LinkPredict is written in Python and is:

- *Generic*: construct radio links for terrestrial applications as well as
    space-to-ground, ground-to-space, orbiter-to-rover, and others.

- *Dynamic*: every element of the radio link can be time-depended and/or
    depend on other parameters. This way, time-dependent effects (such as change
    of distance) can be analyzed and visualized.
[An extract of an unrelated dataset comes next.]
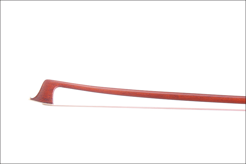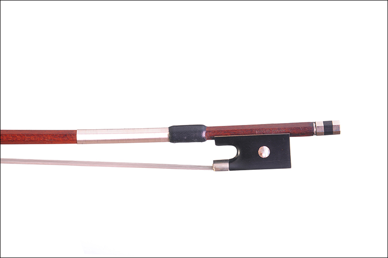 Archet de violon fait par Louis Bazin, dont il porte la marque au fer. Baguette ronde en pernambouc. Hausse ébène montée maillechort. 731 mm, 59,3 g.

- *Extensible*: subclasses can be easily created and used for the radio
    link computations.


## Installation

Install LinkPredict by running:

```bash
$ pip install linkpredict
```

## Example

Let's create the link budget for the example defined in Table 1 from this
reference: http://www.waves.utoronto.ca/prof/svhum/ece422/notes/22-linkbudget.pdf

```python
import linkpredict as lp

# Transmitter
circuit_loss = lp.Device(gain=-2.0)
transmitter = lp.Transmitter(amplifier_power=20, devices=[circuit_loss])
transmit_antenna = lp.MainLobeAntenna(peak_gain=51.6, beam_3db_width=6)

# Path
geometry = lp.SimpleGeometry(slant_range=40.721e6, rx_antenna_angle=2.5)
fade = lp.SimpleMediumLoss(4.0)
other = lp.SimpleMediumLoss(6.0)
medium_losses= [fade, other]

# Channel
modulation = lp.AnalogModulation(bandwidth=2e6)
channel = lp.Channel(frequency=8e9, modulation=modulation)

# Receiver
receive_antenna = lp.MainLobeAntenna(peak_gain=35.1, beam_3db_width=6)
receive_antenna_noise = lp.SimpleAntennaNoise(300)
receiver = lp.Receiver(noise_temperature=3806)

# Link Budget
link = lp.Link(
    channel=channel,
    geometry=geometry,
    medium_losses=medium_losses,
    transmitter=transmitter,
    transmit_antenna=transmit_antenna,
    receive_antenna=receive_antenna,
    receive_antenna_noise=receive_antenna_noise,
    receiver=receiver)
result = link.calculate_link_budget()

k = lp.LinkBudgetKeys
fields = (
    k.tx_amplifier_power,
    k.tx_circuit_loss,
    k.tx_antenna_gain,
    k.eirp,
    k.free_space_path_loss,
    k.medium_loss,
    k.total_path_loss,
    k.received_isotropic_signal_level,
    k.rx_antenna_gain,
    k.rx_antenna_pointing_loss,
    k.received_power,
    k.received_noise_power_density,
    k.cno_ratio,
    k.bandwidth,
    k.snr,
)
for field in fields:
    print("{}: {:0.1f} {}".format(field.name, result[field], field.unit))
```

Output:

```
tx_amplifier_power: 20.0 dBW
tx_circuit_loss: 2.0 dB
tx_antenna_gain: 51.6 dBi
eirp: 69.6 dBW
free_space_path_loss: 202.7 dB
medium_loss: 10.0 dB
total_path_loss: 212.7 dB
received_isotropic_signal_level: -143.1 dB
rx_antenna_gain: 35.1 dBi
rx_antenna_pointing_loss: 2.0 dB
received_power: -110.0 dBW
received_noise_power_density: -192.5 dBW/Hz
cno_ratio: 82.4 dB-Hz
bandwidth: 2000000.0 Hz
snr: 19.4 dB
```

You can find more examples as Jupyter notebooks in the docs folder.
[Try them out right now using Binder](https://mybinder.org/v2/gl/librecube%2Flib%2Fpython-linkpredict/master?filepath=examples).

## Documentation

The API documentation is in [docs/api.md](docs/api.md).

## Contribute

- Issue Tracker: https://gitlab.com/librecube/lib/python-linkpredict/-/issues
- Source Code: https://gitlab.com/librecube/lib/python-linkpredict

To learn more on how to successfully contribute please read the contributing
information in the [LibreCube guidelines](https://gitlab.com/librecube/org/guidelines).

## Support

If you are having issues, please let us know. Reach us at
[Matrix](https://app.element.io/#/room/#librecube.org:matrix.org)
or via [Email](mailto:info@librecube.org).

## License

The project is licensed under the MIT license. See the [LICENSE](./LICENSE.txt) file for details.